ACTION ITEM — No pictures are to be included when the entries below are reproduced exactly.

Records drawn from a dataset —
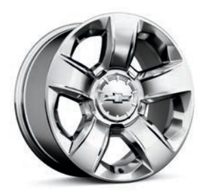
20" Chrome-Aluminum Wheels (RD2) Available on Premier
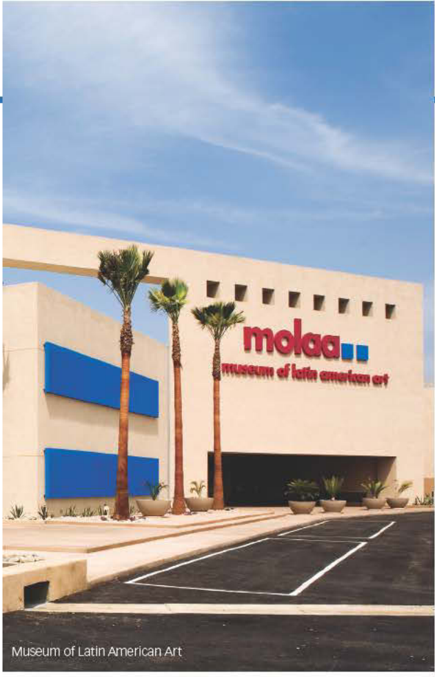
Museum of Latin American Art

the heroes, and most importantly howling with laughter ( allamericanmelodrama.com ). Long Beach's Dinner Detective Mystery Dinner Show is a one-of-a-kind cruise on an old paddle wheeler where laughter reigns supreme and everyone's a suspect, including your table mates ( dinnerdetective.com ). Sgt. Pepper's Dueling Piano Cafe is the place to go if you want the rowdiest time in town where no rules "rule." Singing, clapping, and drink-a-long banter helps folks celebrate anything and everything ( pepperspianos.com ).
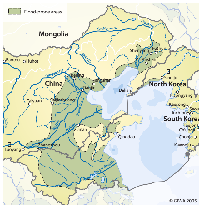
Figure 4 Flood prone areas along the main rivers in the Yellow Sea and Bohai Sea regions.

The main stream of the Hai River is only 70 km long with five tributaries confluent in the vicinity of Tianjin City, the industry centre of north China. Large amounts of floodwater from upstream along with inadequate discharge capacity in the middle and downstream sections often result in flood disasters. In 1963, an unusually big flood caused a catastrophe in this river basin. After that, a comprehensive flood-prevention programme was implemented by the Chinese government. Thus far, 140 large and medium-sized reservoirs have been built, with a total storage capacity of 25.3 billion m 3 , equal to 92.7% of the River's annual upstream run-off. At present the Haihe River system can withstand a once-in-a-50-year flood.
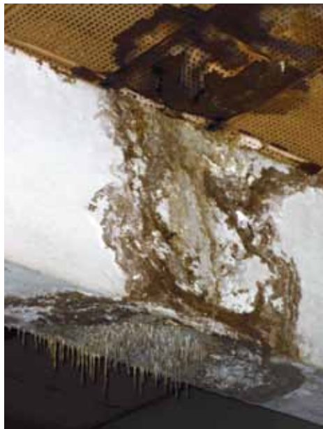
Stalactites formed by water damage, 1923 Polk County Courthouse, Livingston

smoke detection systems. Many lack modern alert systems that warn occupants and summon firefighters simultaneously.
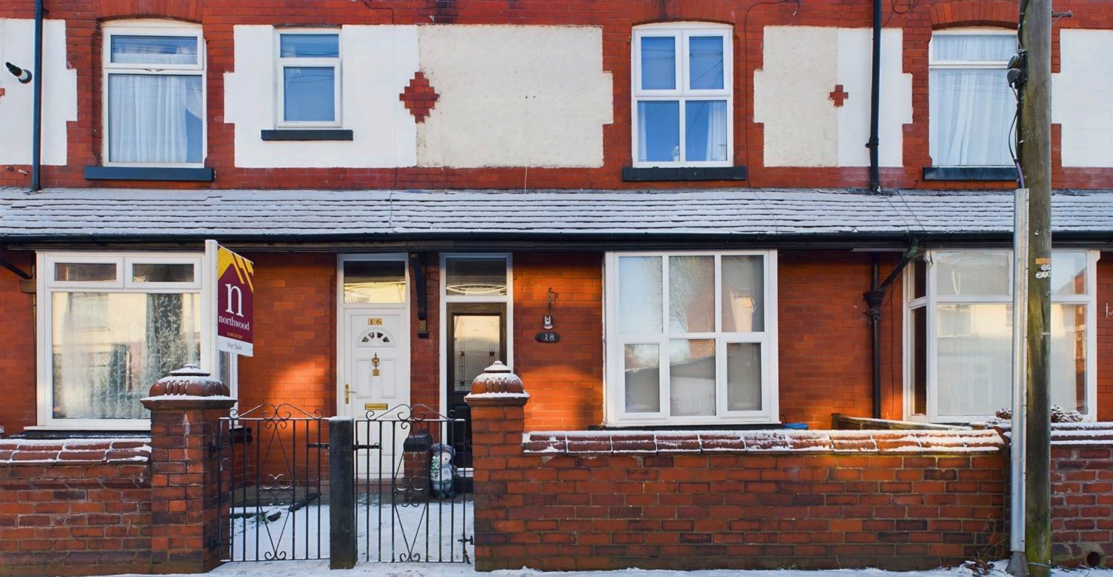
Moore Street, Whelley Wigan WN1 3XX
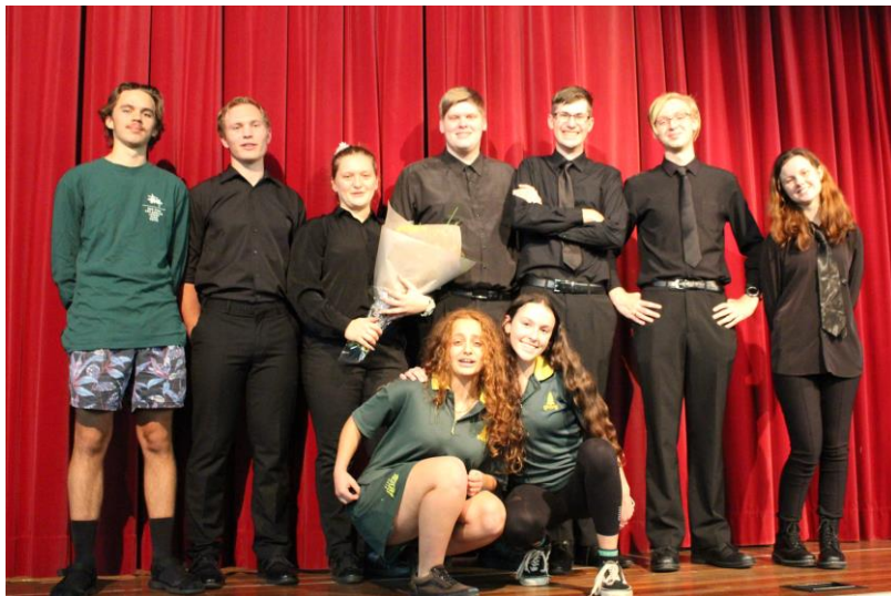
2021 Year 12 Instrumental Music Students
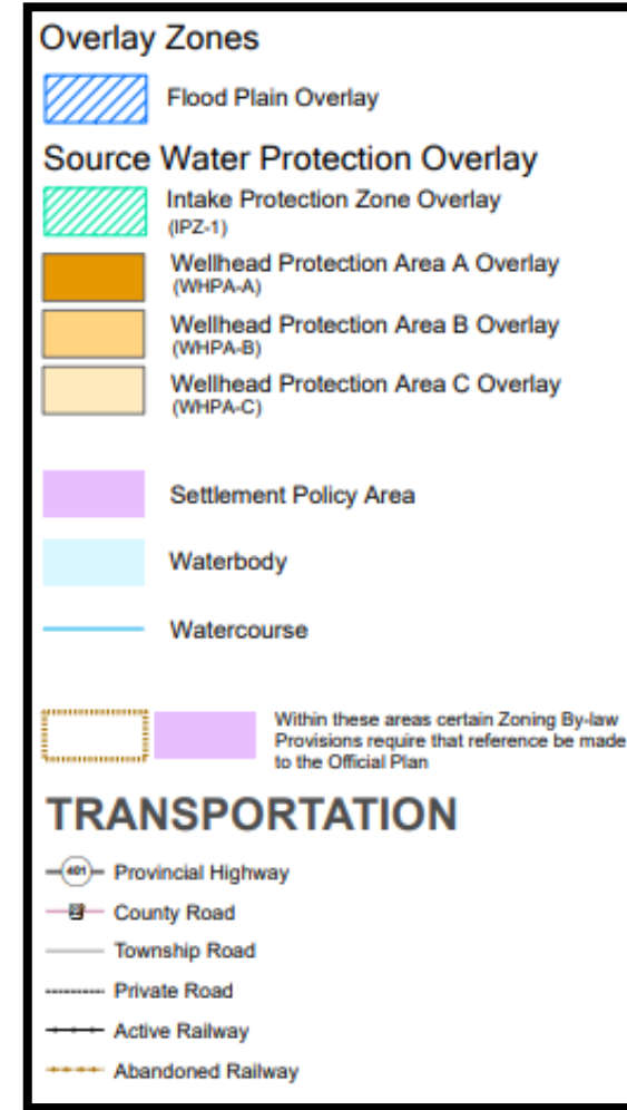
Excerpt of Township Zoning Bylaw - Schedule A
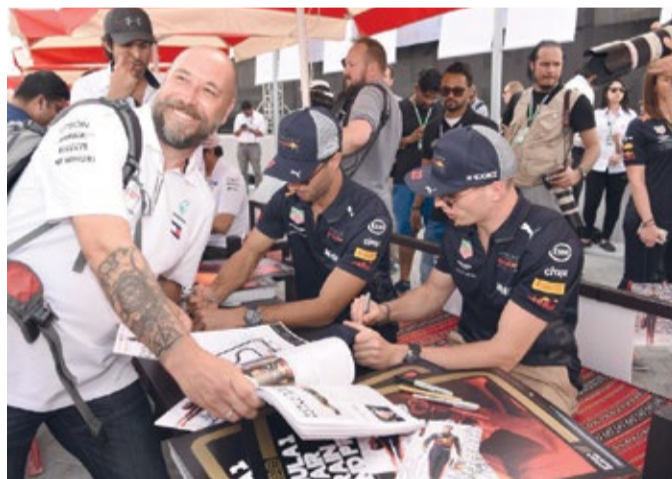
Racegoers during autograph session at BIC (file photo)
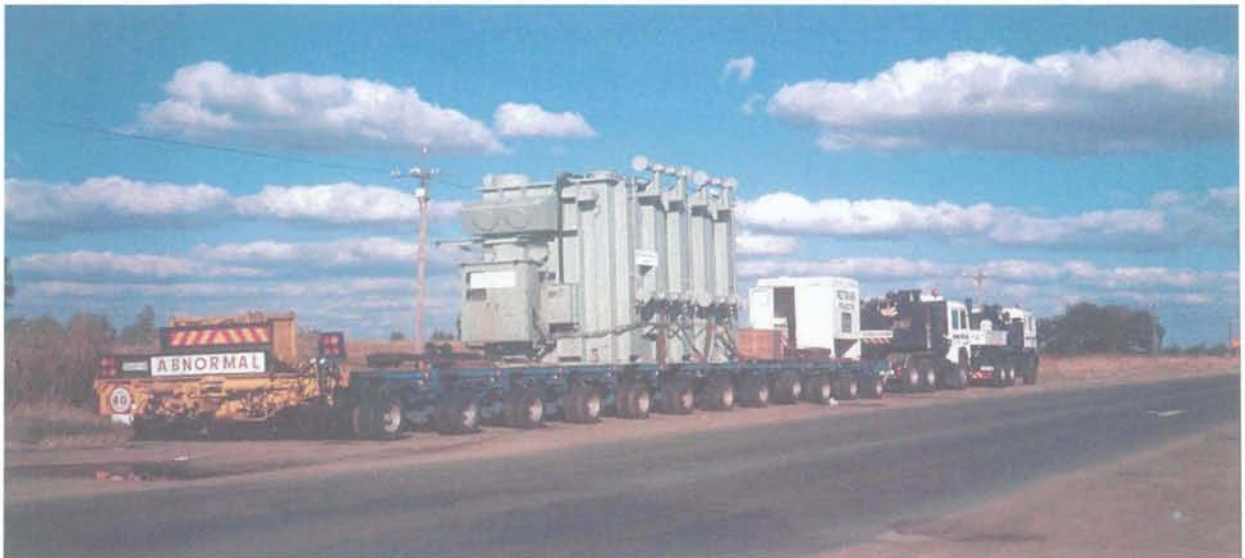
Figure 1 Typical medium-sized superload motorised by two haulers
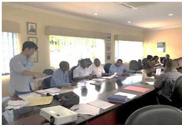
Workshop for the billing management
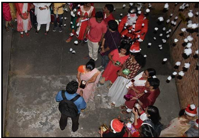
Gift Exchange 2017
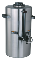
TITAN TF SERVER, VERTICAL FCT
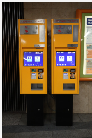
Button ticket machine (Tickets NEED to be further validated) (PID, n.d)
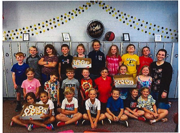
One of the Winning Classrooms in the coin challenge that resulted in donuts for the kids.

Next quarterly meeting of the Task Force will be Tuesday December 3 rd at 9:00 at Helping His Hands. Public is invited to attend and become involved.
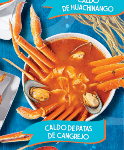
CALDO DE PATAS DE CANGREJO

EXERCISE SOLUTION —
20" Chrome-Aluminum Wheels (RD2) Available on Premier
Museum of Latin American Art

the heroes, and most importantly howling with laughter ( allamericanmelodrama.com ). Long Beach's Dinner Detective Mystery Dinner Show is a one-of-a-kind cruise on an old paddle wheeler where laughter reigns supreme and everyone's a suspect, including your table mates ( dinnerdetective.com ). Sgt. Pepper's Dueling Piano Cafe is the place to go if you want the rowdiest time in town where no rules "rule." Singing, clapping, and drink-a-long banter helps folks celebrate anything and everything ( pepperspianos.com ).
Figure 4 Flood prone areas along the main rivers in the Yellow Sea and Bohai Sea regions.

The main stream of the Hai River is only 70 km long with five tributaries confluent in the vicinity of Tianjin City, the industry centre of north China. Large amounts of floodwater from upstream along with inadequate discharge capacity in the middle and downstream sections often result in flood disasters. In 1963, an unusually big flood caused a catastrophe in this river basin. After that, a comprehensive flood-prevention programme was implemented by the Chinese government. Thus far, 140 large and medium-sized reservoirs have been built, with a total storage capacity of 25.3 billion m 3 , equal to 92.7% of the River's annual upstream run-off. At present the Haihe River system can withstand a once-in-a-50-year flood.
Stalactites formed by water damage, 1923 Polk County Courthouse, Livingston

smoke detection systems. Many lack modern alert systems that warn occupants and summon firefighters simultaneously.
Moore Street, Whelley Wigan WN1 3XX
2021 Year 12 Instrumental Music Students
Excerpt of Township Zoning Bylaw - Schedule A
Racegoers during autograph session at BIC (file photo)
Figure 1 Typical medium-sized superload motorised by two haulers
Workshop for the billing management
Gift Exchange 2017
TITAN TF SERVER, VERTICAL FCT
Button ticket machine (Tickets NEED to be further validated) (PID, n.d)
One of the Winning Classrooms in the coin challenge that resulted in donuts for the kids.

Next quarterly meeting of the Task Force will be Tuesday December 3 rd at 9:00 at Helping His Hands. Public is invited to attend and become involved.
CALDO DE PATAS DE CANGREJO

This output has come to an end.